So basically anything that can be shown in a browser can be the styled representation of an XML document using XSLT, and this was actually one of the main purposes of developing XSLT in the first place. Using it for transforming into formats other than HTML was only added later. We have already seen a lot of XSLT in this chapter. We will just have a look at some examples and common techniques.

Styling the Article

We'll take the same source documents that we used to show the use of CSS on XML. The documents contain the text of an article and include some references to both remote and other local articles. A sample article looks like this:

<?xml version="1.0" encoding="iso-8859-1"?>
<Article>
  <Authors>
    <Author>James Britt</Author>
    <Author>Teun Duynstee</Author>
  </Authors>
  <Title>A cool article</Title>
  <Intro>An introductory text here ... </Intro>
  <Body>The body text of the article comes here ... </Body>
  <Related>
    <Item type="URL" loc="http://www.asptoday.com/art2">Some other article</Item>
    <Item type="local" loc="2"/>
  </Related>
</Article>

Now, we want to use XSLT to go beyond the styling that CSS made possible. We will include a link for each of the related articles. The remote references we will display with the title in our source document, but for the local references, we will look up the details of those referred articles and include that information in our styled document.

<?xml version="1.0"?>
<xsl:stylesheet xmlns:xsl="http://www.w3.org/1999/XSL/Transform" version="1.0">
<xsl:template match="Article">
<HTML><BODY>
<xsl:apply-templates select="Title"/>
<xsl:apply-templates select="Intro"/>
<xsl:apply-templates select="Body"/>
<xsl:apply-templates select="Authors"/>
<xsl:apply-templates select="Related"/>
</BODY></HTML>
</xsl:template>
<xsl:template match="Title"><H1><xsl:apply-templates/></H1></xsl:template> <xsl:template match="Intro">
  <p style="width:80%;font-weight:bold"><xsl:apply-templates/></p>
</xsl:template>
<xsl:template match="Body">
  <p style="width:80%"><xsl:apply-templates/></p>
</xsl:template>
<xsl:template match="Authors">
  <p>Author(s): <xsl:apply-templates select="Author"/></p>
</xsl:template>
<xsl:template match="Author">
  <xsl:apply-templates/>
  <xsl:if test="position() != last()">, </xsl:if>
</xsl:template>
<xsl:template match="Related">
  <p>Related items:<br/><xsl:apply-templates/></p>
</xsl:template>
<xsl:template match="Item">
  <xsl:if test="@type='URL'">
    <a href="{@loc}"><xsl:value-of select="."/></a>
  </xsl:if>
  <xsl:if test="@type='local'">
    <a href="art{@loc}.xml">
    <xsl:value-of select="document(concat('art', @loc, '.xml'))/Article/Title"/>
    </a>(
    <xsl:apply-templates select=
      "document(concat('art', @loc, '.xml'))/Article/Authors/Author"/>
)
  </xsl:if>
  <br/>
</xsl:template>
</xsl:stylesheet>

Except for the part that generates the HTML for the related articles, everything is fairly simple in the above document. The template that matches on the document element Article, reorders several items in the required order, starting with the title and placing the authors and related articles at the end. The job of specifying how each of these items should look is delegated to other templates. The templates for Title, Intro and Body elements do nothing special. They just output a bit of extra formatting code around the content.

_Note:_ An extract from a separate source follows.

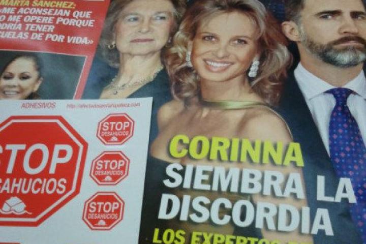 "11 adhesivos para sumarte a la campañaStop Desahucios", se lee sobre la cara del rey Juan Carlos, mientras el símbolo de la plataforma roza el pelo de Iñaki Urdangarin. La revista Pronto llegó esta semana a los quioscos con una portada con imágenes de la Familia Real y de Corinna Zu Sayn-Wittgenstein y, de paso, 11 pegatinas de varios tamaños grapadas al lomo. Desde hace mes y medio, una página de esta publicación se destina a un consultorio sobre derechos de vivienda de Ada Colau, una de las impulsoras y portavoz de las Plataformas de Afectados por las Hipotecas.
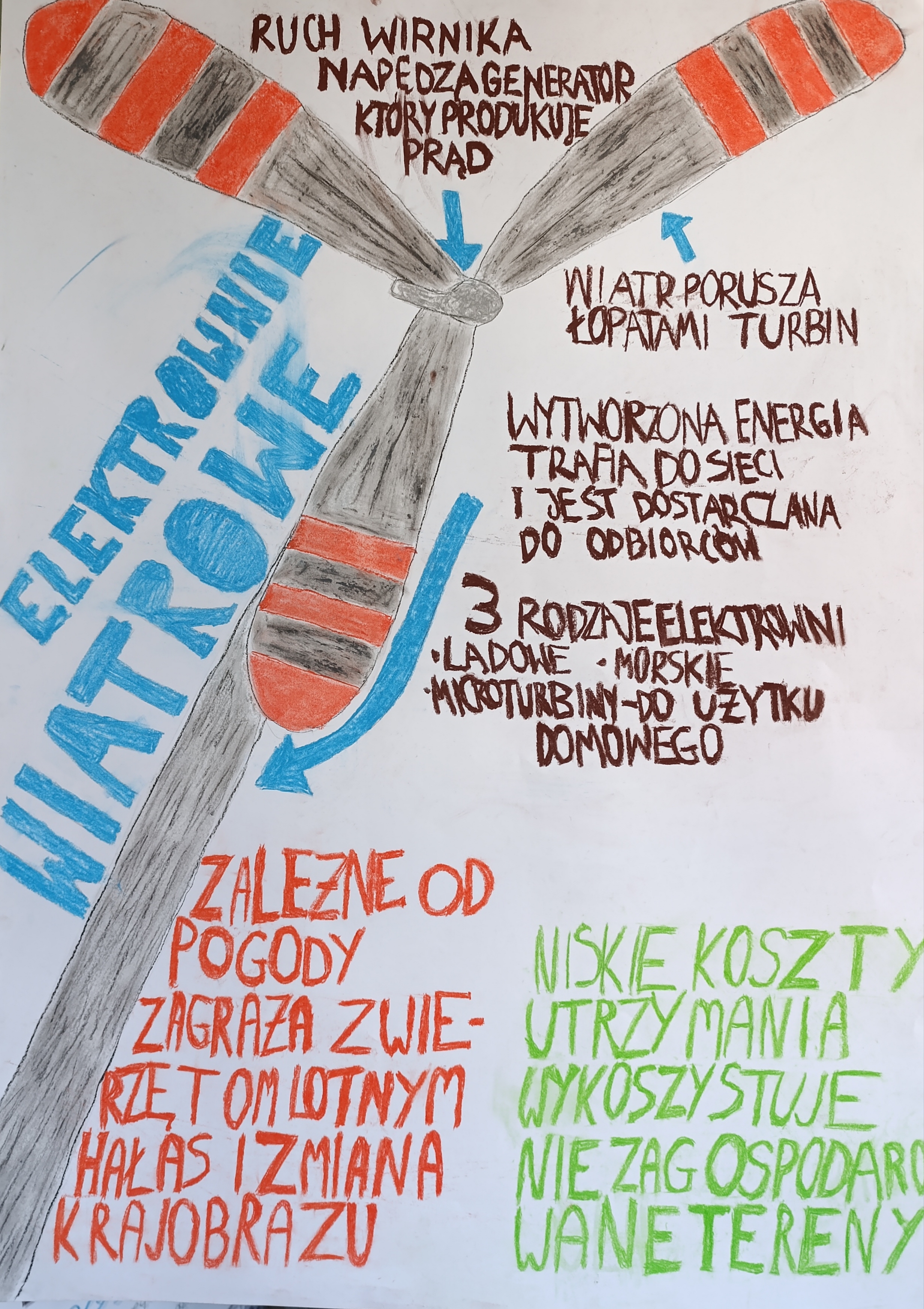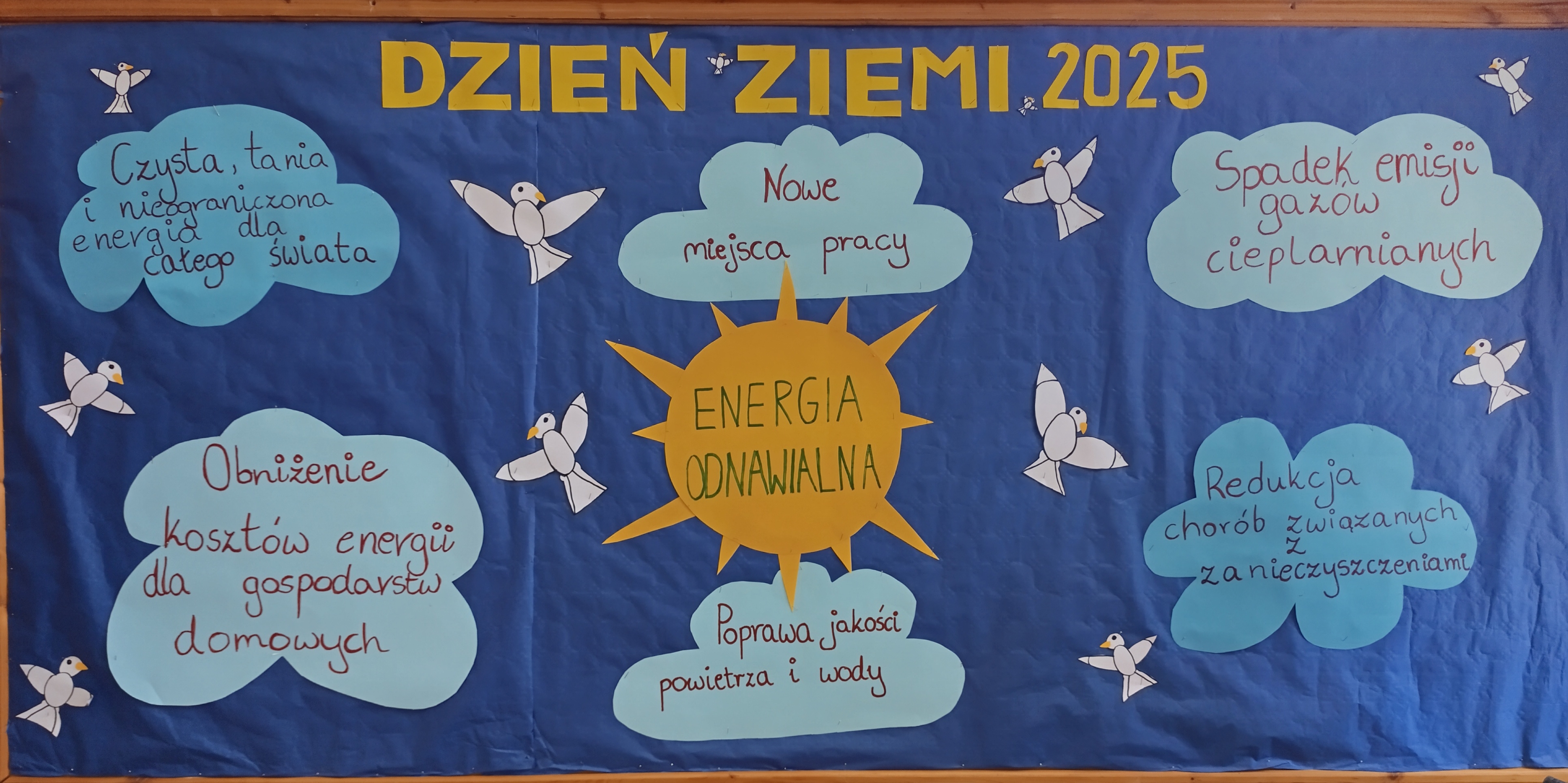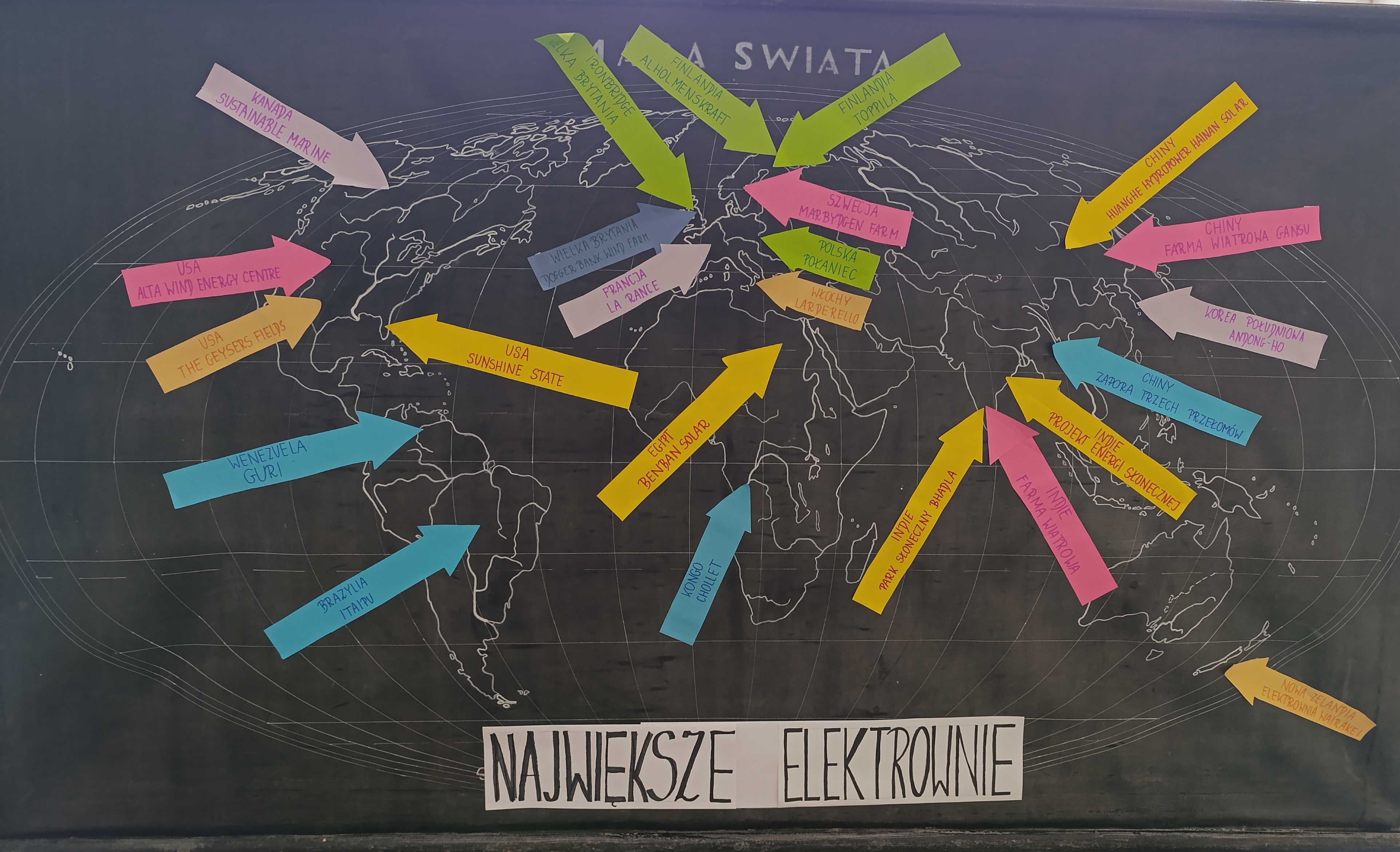 Młodzież klasy 3d zrealizowała projekt nawiązujący do hasła tegorocznego Dnia Ziemi, w ramach którego – w formie plakatów – przedstawiła charakterystykę odnawialnych źródeł energii oraz korzyści płynące z przejścia na energię odnawialną. Uczniowie przygotowali również mapy przedstawiające rozmieszczenie największych elektrowni odnawialnych – zarówno w Polsce, jak i na świecie – z podziałem według źródeł energii. Dzięki temu społeczność szkolna mogła poszerzyć swoją wiedzę na temat odnawialnych źródeł energii.

The Author template is a bit more interesting. It is designed to create a comma-separated list in the output. This is done by placing if tags around the literal comma. The test attribute checks if the current author happens to be the last one in the current node set. If so, it doesn't generate the comma.

Then we have the related articles. The template for Item generates a link to these articles. There are two kinds of article references. Some are external, referring to some URL on the web. These have a text node as their content. This is the title of the article, which we want to show as link text. The other type is a local reference. It refers to other articles in the same directory, written in the same XML format as this one. These articles have a title in them and we know where to find the title when we need it, so there is no need for storing the titles of these related articles along with the reference.

The Item template really consists of two parts, one for remote links and one for local links. The remote one is simple. It generates the HTML code for a link, using the href attribute as an attribute value template. The content of the Item element becomes the content of the A element in HTML.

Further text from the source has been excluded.